Source data: Begin

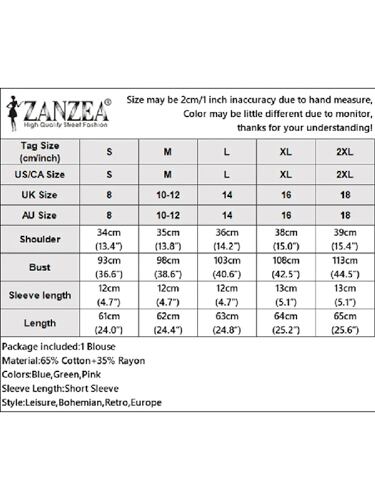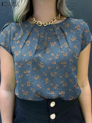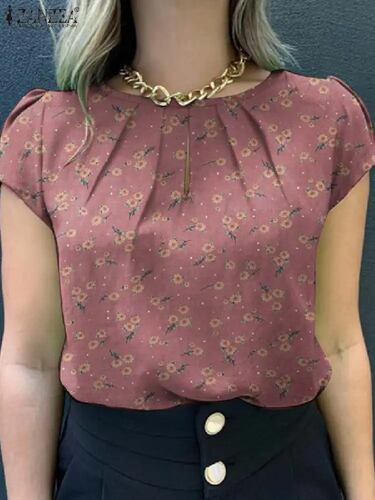 Zanzea-ボヘミアンカジュアルフローラルプリントブラウス、半袖、ラウンドネック、チュニックトップ、エレガントなパーティー、ホリデーファッション、夏
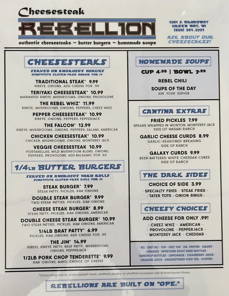 Cheesesteak Rebellion Menu (2025 Update)
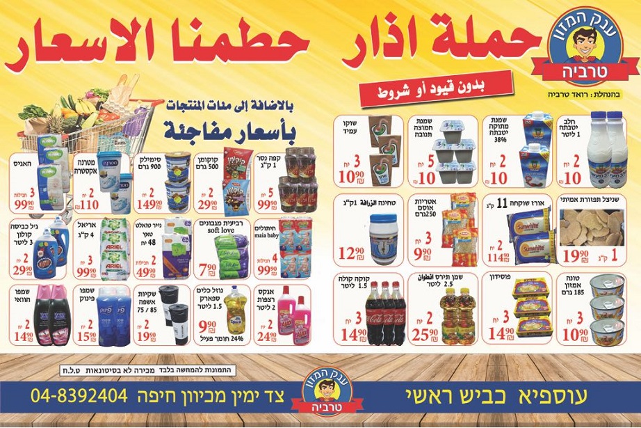 ענק המזון טרביה בהנהלת רואד טרביה, עוספיה כביש ראשי בכניסה המערבית, מבצעים מתחדשים כל יום.

Source data: End

▶ _What you are asked to do_:
In the material above, retype exactly the lines that run from the one containing "Cheesesteak Rebellion Menu (2025 Update)" through the last line, and keep out the pictures.

▶ _Answer section_:
 Cheesesteak Rebellion Menu (2025 Update)
 ענק המזון טרביה בהנהלת רואד טרביה, עוספיה כביש ראשי בכניסה המערבית, מבצעים מתחדשים כל יום.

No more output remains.